Departments of 1 Neurological Surgery and.

Pharmacology, Faculty of Medicine, Kagawa University, Kagawa, Japan.

出版信息

J Neurosurg. 2017 Oct;127(4):819-828. doi: 10.3171/2016.9.JNS16431. Epub 2017 Jan 6.

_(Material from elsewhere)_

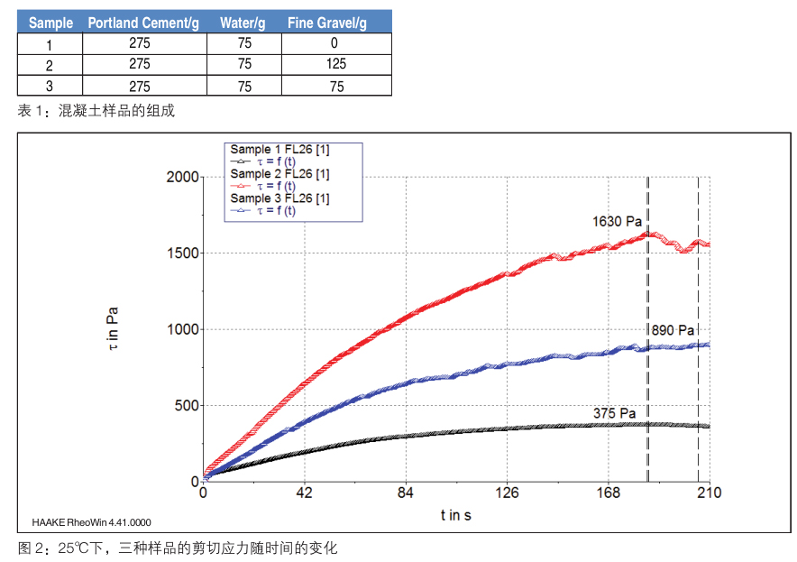 所得結(jié)果如圖 2 所示。可以看到,在 25℃測試條件下,純的水泥漿體系的屈服應(yīng)力為 375Pa,而含有 75 克和 125 克增塑劑的樣品的屈服應(yīng)力分別為 890Pa 和 1630Pa。然后這些樣品的屈服應(yīng)力就可以通過經(jīng)驗公式轉(zhuǎn)變?yōu)榛炷了鋵嶒灅?biāo)準(zhǔn)數(shù) [6]:

DOI:10.3171/2016.9.JNS16431
PMID:28059652
Abstract

OBJECTIVE The (pro)renin receptor (PRR) plays an essential role in the early development of the central nervous system by activating the Wnt/β-catenin signaling pathway. The authors investigated the potential role of the PRR in the pathogenesis of glioma. METHODS The authors performed immunohistochemical analysis to detect both the PRR and isocitrate dehydrogenase 1 with mutations involving arginine 132 ( IDH1) in paraffin sections of 31 gliomas. Expression of the PRR and Wnt pathway components in cultured human glioma cell lines (U251MG, U87MG, and T98G) was measured using Western blotting. The effects of PRR short interfering RNA (siRNA) on glioma cell proliferation (WST-1 assay and direct cell counting) and apoptosis (flow cytometry and the caspase-3 assay) were also examined. RESULTS PRR expression was significantly higher in glioblastoma than in normal tissue or in lower grade glioma, regardless of IDH1 mutation. PRR expression was also higher in human glioblastoma cell lines than in human astrocytes. PRR expression showed a significant positive correlation with the Ki-67 labeling index, while it had a significant negative correlation with the survival time of glioma patients. Treatment with PRR siRNA significantly reduced expression of Wnt2, activated β-catenin, and cyclin D1 by human glioblastoma cell lines, and it reduced the proliferative capacity of these cell lines and induced apoptosis. CONCLUSIONS This is the first evidence that the PRR has an important role in development of glioma by aberrant activation of the Wnt/β-catenin signaling pathway. This receptor may be both a prognostic marker and a therapeutic target for glioma.

摘要

目的

(前)肾素受体(PRR)通过激活 Wnt/β-连环蛋白信号通路,在中枢神经系统的早期发育中发挥重要作用。作者研究了 PRR 在神经胶质瘤发病机制中的潜在作用。

方法

作者在 31 例神经胶质瘤的石蜡切片中进行了免疫组织化学分析,以检测 PRR 和涉及精氨酸 132 突变的异柠檬酸脱氢酶 1(IDH1)。使用 Western blot 检测培养的人神经胶质瘤细胞系(U251MG、U87MG 和 T98G)中 PRR 和 Wnt 通路成分的表达。还检查了 PRR 短发夹 RNA(siRNA)对神经胶质瘤细胞增殖(WST-1 测定和直接细胞计数)和凋亡(流式细胞术和 caspase-3 测定)的影响。

结果

PRR 的表达在胶质母细胞瘤中明显高于正常组织或低级别胶质瘤,而与 IDH1 突变无关。PRR 的表达在人神经母细胞瘤细胞系中也高于人星形胶质细胞。PRR 的表达与 Ki-67 标记指数呈显著正相关,而与神经胶质瘤患者的生存时间呈显著负相关。用 PRR siRNA 处理可显著降低人神经母细胞瘤细胞系中 Wnt2、激活的β-连环蛋白和细胞周期蛋白 D1 的表达,并降低这些细胞系的增殖能力并诱导凋亡。

结论

这是 PRR 通过异常激活 Wnt/β-连环蛋白信号通路在神经胶质瘤发生中具有重要作用的第一个证据。该受体可能既是神经胶质瘤的预后标志物,也是治疗靶点。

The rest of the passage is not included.